Destiny’s discipline, curiosity and brilliance landed him the captain’s band for his school and with a little more, he was now commanding the state’s side and later South-South side that won the national Under 17 Championship.

“That was the biggest responsibility I have ever taken, my Coach Theophilus Ibodeme has a way of driving it in. He would always say ‘Destiny. Skip. Responsibility.’”

At the National U-17 Championship hosted at his alma mater, Destiny and his teammates gave a commanding performance that earned them the title and more importantly stood him out as the Most Valuable Player of the meet.

With a gift of height that belies his teen age, Destiny can easily be spotted out when the team cluster in training, on the bench or off the pitch, but nothing removes from his leadership ability.

Speaking on the just concluded Championship, he said though his side went into the championship as the number one seeded side, the first match was his most difficult game prior to the final match.

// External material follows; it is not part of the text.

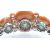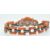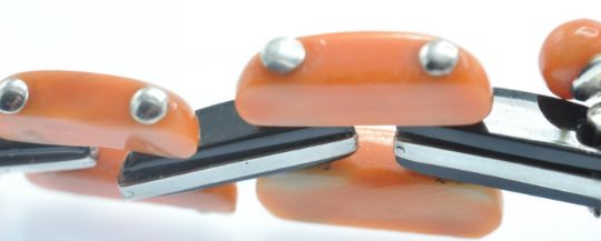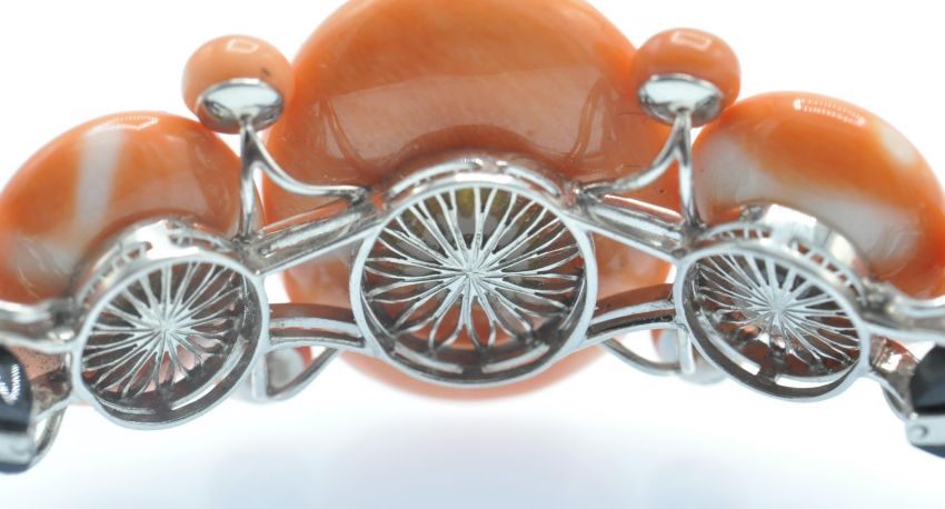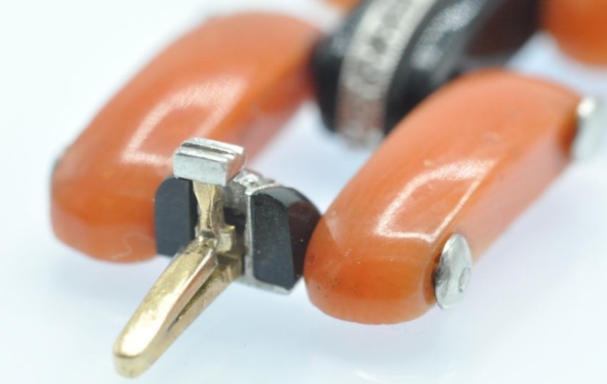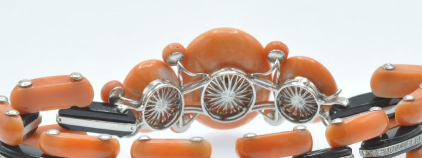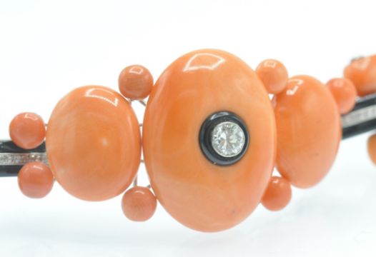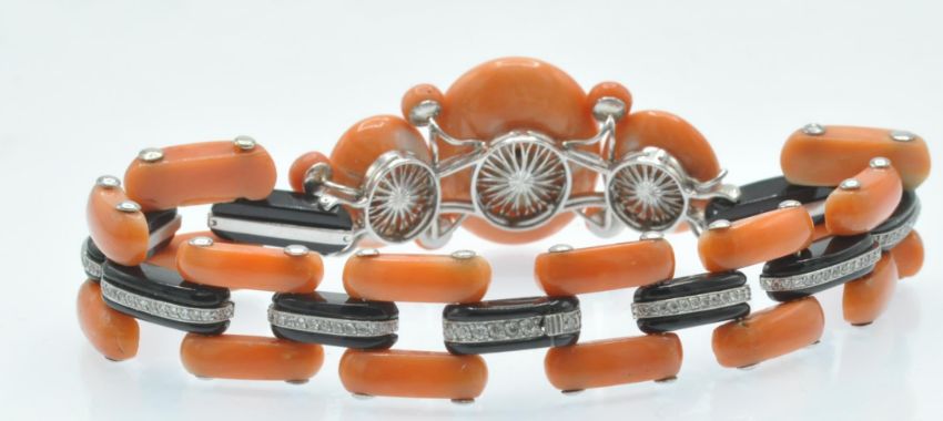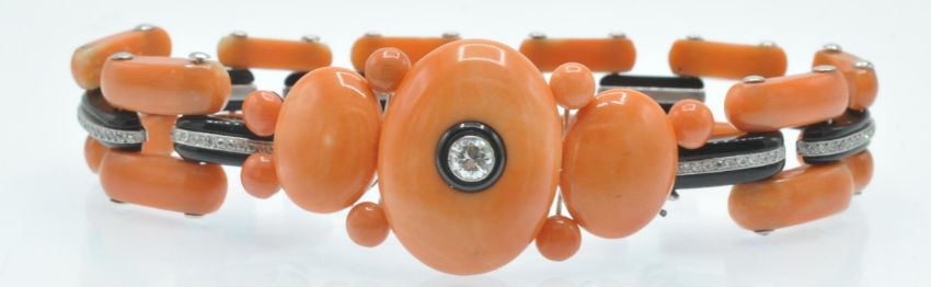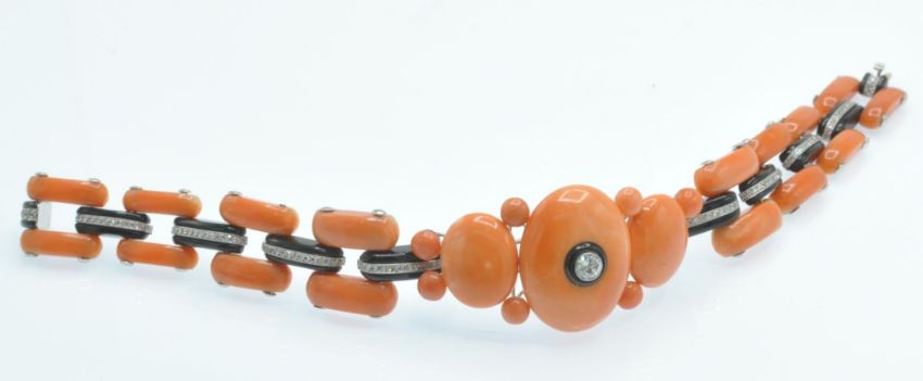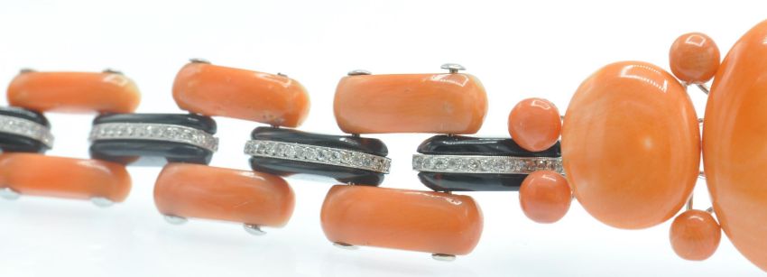 An Art Deco coral onyx and diamond bracelet. The bracelet having a central large precious coral cabochon set with a single round brilliant cut diamond in a platinum and onyx bezel mount, accompanied by further coral cabochons and diamond set onyx links to hidden clip clasp. Measures - Bracelet  7 1/4 inches. Largest coral cabochon approx 25mm x 18mm. Estimated principal diamond weight 0.30ct. Estimated total diamond weight 1.5ct.

“The North Central side (comprising Abuja, Nasarawa, Kwara) held us down to 97 runs all out in the opening game. None of us thought they would give us that type of choke. Even when we came in to bat in the second inning, they made it clear to us that from their game that it was not going to be easy.”

Destiny recounts that, apart from returning to their normal practice, nothing more changed in their play all through the event, except for the fact that they now depended a lot more on their coach’s instructions.

“Coach Ibodeme has a unique way of seeing the game… he could just call out a player and ask him to move two step forward from his position and the next ball would be played to him.”

That happened twice at the event and for a team that needed something extra to bring to the table, looking up to a call from him for his perspective became very important as the game progressed.”

After the battle with North Central, Destiny says his team took things easy, treating all of the other sides with the respect they deserved.

“We watched all other matches as a team and worked out how to play each of the matches; but the final match with the North West team was different,” he confesses.

Selim Salau and Asia Osaro had done fine as opening duo for the South-South, but by 8.3 over Salau got bowled. They later lost four more wickets (Osaro Asisa, 9.2, Isaac Oyemba, 9.4, Useni Prosper, 9.5).

“I am the captain and number six batsman, and watching all these from the bench was really devastating.” Oyemba was his most respected and most disciplined teammate, while Prosper had this toga of former U-19 star handing over him. But as they all got dismissed it then lies with Destiny how the match must turn out.

“Shocking for me was Prosper as he got off on a ‘golden duck.’ I knew I had to do something. So as I walked in, I heard the coach say to me ‘Destiny. Skip. Responsibility.’ And this time he added ‘Take Charge’. I can’t forget those words easily.

“What I did was simple, I told myself I was going to track every ball to my bat and say a prayer after every ball.”
Destiny’s composure stabilized the game as he stayed through the end of the inning at 22.5, where they chalked 97 runs to set up an intriguing run off by their North West opponents.

Despite the shortfall, a tempo was already set going forward that meant the opponents were now on the edge to race past the 97.

“Naturally, the North West team would have done that easily, but I think we were pumped and our coaches didn’t put pressure on us, we were just asked to go and have fun. And we did.”

By the third overs, they had sent the opening batmen (Adams Ibrahim 3.3, Sunday Joshua 3.4) packing. They took another four before the 12th was over (Theophilus Jeremiah 5.3, Dominic Aliyu, 6 Paul Pam, 10.2, 40-6 Alhassan Alfa, 10.4, Boniface Kenneth, 12.1) to set up what became the climax of the event.

“By that time, we knew the game was for us to lose. But we won and it became my most memorable cricket match.”
Destiny and some of his team mates have been invited for trials with the U-19 national team billed to face Namibia, Uganda and two other qualifiers from the division two in an African youth competition.